● Records for processing
__________________________________________________
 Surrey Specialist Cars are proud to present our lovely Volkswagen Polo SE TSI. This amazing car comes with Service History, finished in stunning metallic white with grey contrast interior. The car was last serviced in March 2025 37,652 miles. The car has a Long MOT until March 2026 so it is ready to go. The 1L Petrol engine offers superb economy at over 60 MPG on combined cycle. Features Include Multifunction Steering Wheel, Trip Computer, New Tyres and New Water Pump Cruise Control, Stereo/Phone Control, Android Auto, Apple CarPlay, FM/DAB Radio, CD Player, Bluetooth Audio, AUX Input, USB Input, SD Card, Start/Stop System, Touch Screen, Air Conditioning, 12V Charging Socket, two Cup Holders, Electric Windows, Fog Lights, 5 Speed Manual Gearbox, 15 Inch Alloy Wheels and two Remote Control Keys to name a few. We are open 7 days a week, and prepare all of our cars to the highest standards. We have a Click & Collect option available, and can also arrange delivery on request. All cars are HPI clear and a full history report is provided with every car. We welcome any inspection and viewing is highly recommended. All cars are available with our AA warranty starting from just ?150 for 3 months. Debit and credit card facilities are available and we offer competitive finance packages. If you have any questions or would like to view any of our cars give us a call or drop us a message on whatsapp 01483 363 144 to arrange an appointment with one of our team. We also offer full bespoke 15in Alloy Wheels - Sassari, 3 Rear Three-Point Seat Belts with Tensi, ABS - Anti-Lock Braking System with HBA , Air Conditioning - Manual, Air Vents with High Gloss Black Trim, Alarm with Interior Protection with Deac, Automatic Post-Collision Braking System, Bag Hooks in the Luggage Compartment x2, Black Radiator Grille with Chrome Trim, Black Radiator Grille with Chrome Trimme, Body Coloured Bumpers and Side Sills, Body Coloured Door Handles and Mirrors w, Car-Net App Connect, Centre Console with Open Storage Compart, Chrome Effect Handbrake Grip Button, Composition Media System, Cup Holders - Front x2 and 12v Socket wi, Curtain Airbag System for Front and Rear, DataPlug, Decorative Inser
__________________________________________________
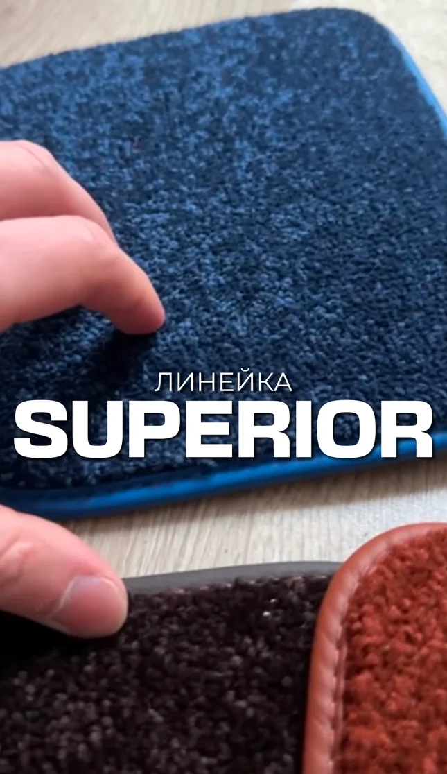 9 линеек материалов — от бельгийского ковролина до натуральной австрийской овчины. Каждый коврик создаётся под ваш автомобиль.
__________________________________________________
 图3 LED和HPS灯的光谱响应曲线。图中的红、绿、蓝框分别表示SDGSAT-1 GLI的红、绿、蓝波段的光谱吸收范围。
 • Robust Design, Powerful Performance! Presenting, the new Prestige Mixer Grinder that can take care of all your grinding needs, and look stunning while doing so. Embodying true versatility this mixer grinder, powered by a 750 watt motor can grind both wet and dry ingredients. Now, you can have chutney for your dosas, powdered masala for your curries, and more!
__________________________________________________
● Task brief
Taking the line with "图3 LED和HPS灯的光谱响应曲线。图中的红、绿、蓝框分别表示SDGSAT-1 GLI的红、绿、蓝波段的光谱吸收范围。" as the first and the line with "curries, and more!" as the last, retype that stretch of the data above exactly, with no other lines.

● Solution for this problem
 图3 LED和HPS灯的光谱响应曲线。图中的红、绿、蓝框分别表示SDGSAT-1 GLI的红、绿、蓝波段的光谱吸收范围。
 • Robust Design, Powerful Performance! Presenting, the new Prestige Mixer Grinder that can take care of all your grinding needs, and look stunning while doing so. Embodying true versatility this mixer grinder, powered by a 750 watt motor can grind both wet and dry ingredients. Now, you can have chutney for your dosas, powdered masala for your curries, and more!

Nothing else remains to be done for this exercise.